● Required action:
In the records that follow, skip the pictures and print everything else exactly.

● Stored data:

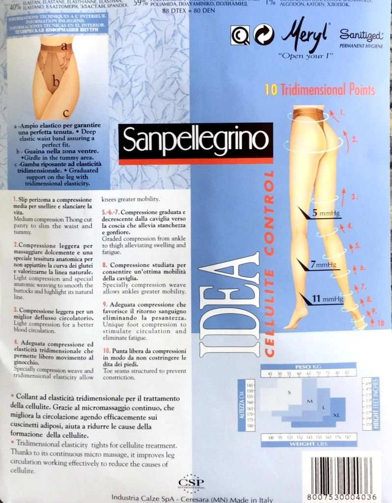 Collant Donna Idea Celluline control Sanpellegrino a complessione graduata con ampio elastico in vita per una perfetta tenuta e guaina nella zona ventre con dietro a perizoma
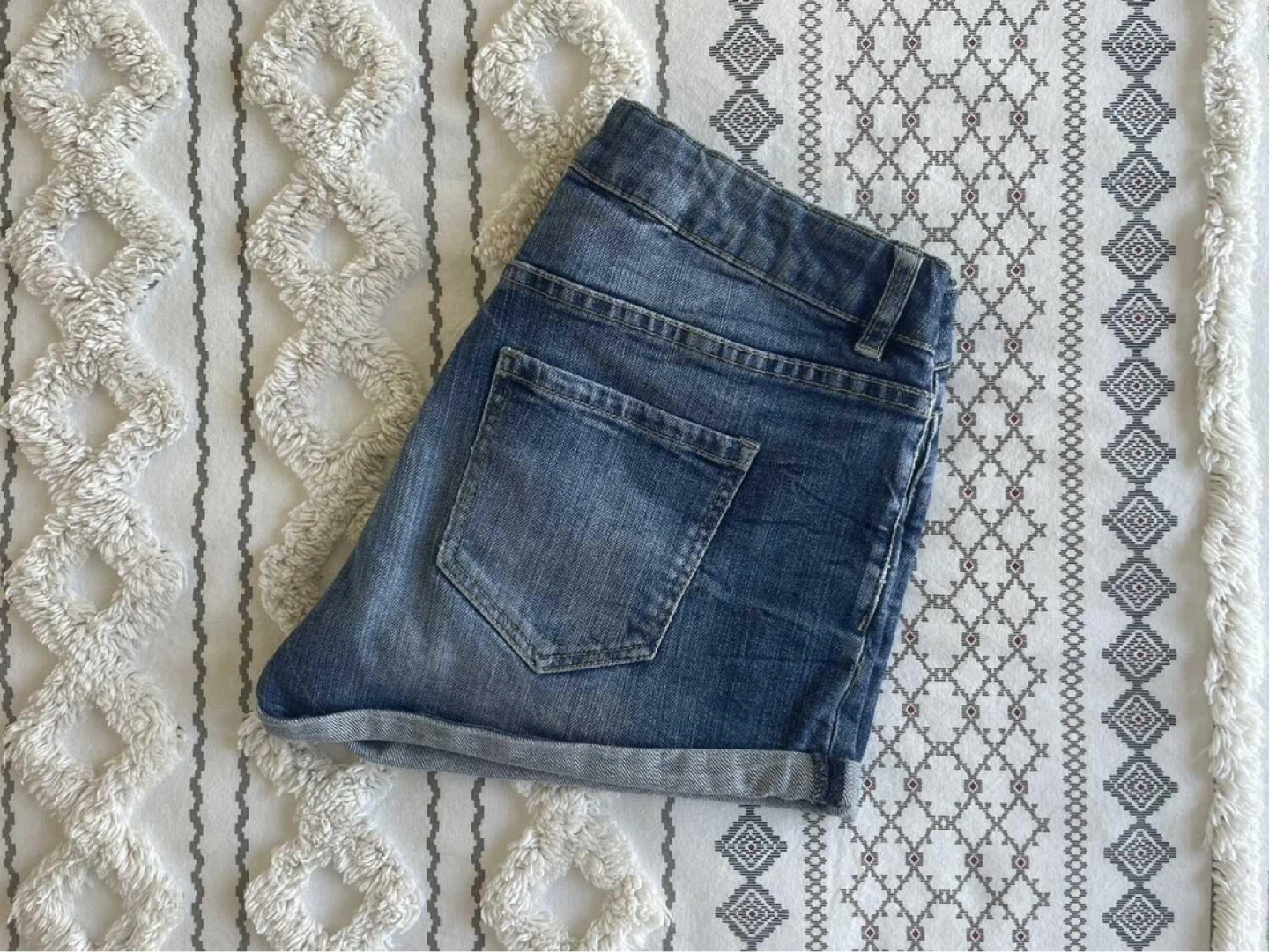 Low waist Denim shorts. Rolled cuffs. Five-pocket styling. Light wash denim. Size Small. In excellent condition.
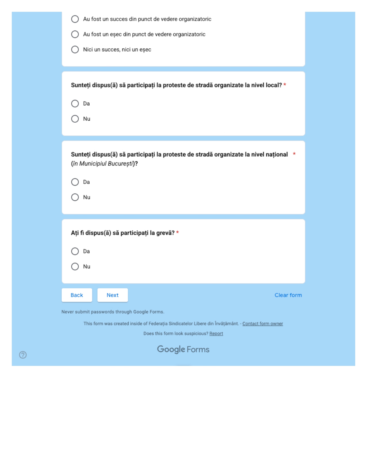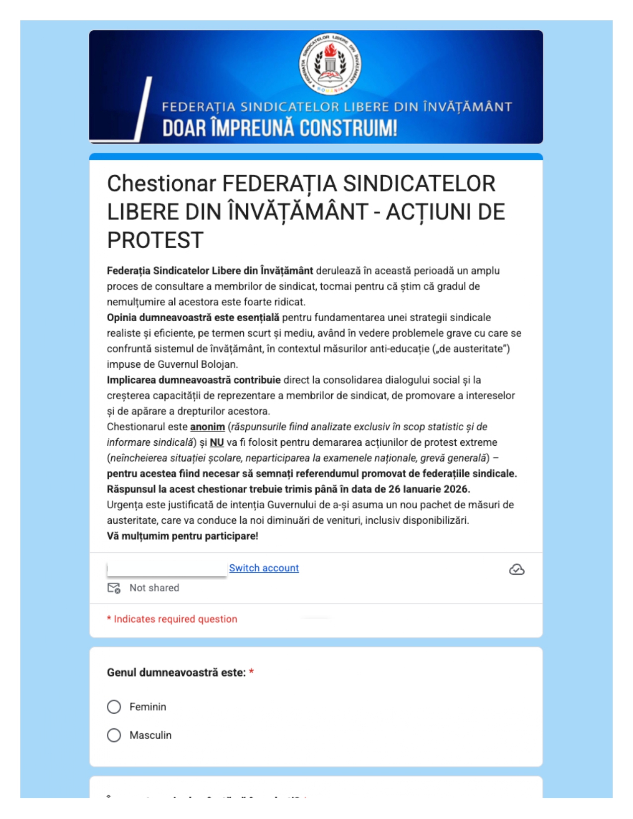 „Este important pentru noi să știm care sunt formele de protest pe care le susțineți. Vă rugăm ca acest chestionar să fie completat de către toti membrii de sindicat, cu maximă responsabilitate și sinceritate.
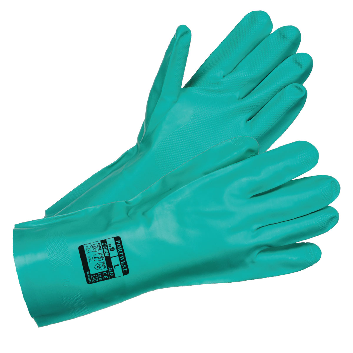 Rukavice otporne na hemikalije sa reljefastom šarom za poboljšan stisak, postavljena pamukom za dodatnu udobnost. Za upotrebu u hemijskoj, naftnoj i prehrambenoj industriji. Dužina 320mm, debljina 0.38mm. Materijal: Nitril, pamuk; Veličine: 7-11;
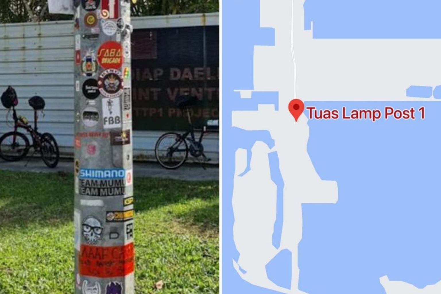 Product design manager Woon Taiwoon, 47, who co-founded the Love Cycling SG interest group, said he started the practice of pasting a sticker on Tuas Lamp Post 1 in 2014 after a cycling trip.
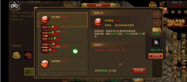 精通技能包括光翼精通、龙魂精通、官印精通、魂石精通、披风精通、星魂精通、血玉精通、神盾精通、神魄精通、勋章精通。精通技能中光翼精通的学习需要角色光翼达到天使之羽,龙魂精通需要龙魂达到龙魂幻珠一星、官印精通需要官印达到天武战将之印一星、魂石精通需要角色魂石达到一阶、披风精通需要披风达到百战披风一星、星魂精通需要角色星魂达到1级、血玉精通需要血玉达到金玉良缘一星、神盾精通需要神盾达到护卫者一星、神魄精通需要神魄达到火龙之心一星、勋章精通需要勋章达到青铜勋章。精通技能的熟练度也是通过使用技能书获得,精通技能的技能书需要玩家前往黑市商人处兑换。

● Output of the exercise:
 Collant Donna Idea Celluline control Sanpellegrino a complessione graduata con ampio elastico in vita per una perfetta tenuta e guaina nella zona ventre con dietro a perizoma
 Low waist Denim shorts. Rolled cuffs. Five-pocket styling. Light wash denim. Size Small. In excellent condition.
 „Este important pentru noi să știm care sunt formele de protest pe care le susțineți. Vă rugăm ca acest chestionar să fie completat de către toti membrii de sindicat, cu maximă responsabilitate și sinceritate.
 Rukavice otporne na hemikalije sa reljefastom šarom za poboljšan stisak, postavljena pamukom za dodatnu udobnost. Za upotrebu u hemijskoj, naftnoj i prehrambenoj industriji. Dužina 320mm, debljina 0.38mm. Materijal: Nitril, pamuk; Veličine: 7-11;
 Product design manager Woon Taiwoon, 47, who co-founded the Love Cycling SG interest group, said he started the practice of pasting a sticker on Tuas Lamp Post 1 in 2014 after a cycling trip.
 精通技能包括光翼精通、龙魂精通、官印精通、魂石精通、披风精通、星魂精通、血玉精通、神盾精通、神魄精通、勋章精通。精通技能中光翼精通的学习需要角色光翼达到天使之羽,龙魂精通需要龙魂达到龙魂幻珠一星、官印精通需要官印达到天武战将之印一星、魂石精通需要角色魂石达到一阶、披风精通需要披风达到百战披风一星、星魂精通需要角色星魂达到1级、血玉精通需要血玉达到金玉良缘一星、神盾精通需要神盾达到护卫者一星、神魄精通需要神魄达到火龙之心一星、勋章精通需要勋章达到青铜勋章。精通技能的熟练度也是通过使用技能书获得,精通技能的技能书需要玩家前往黑市商人处兑换。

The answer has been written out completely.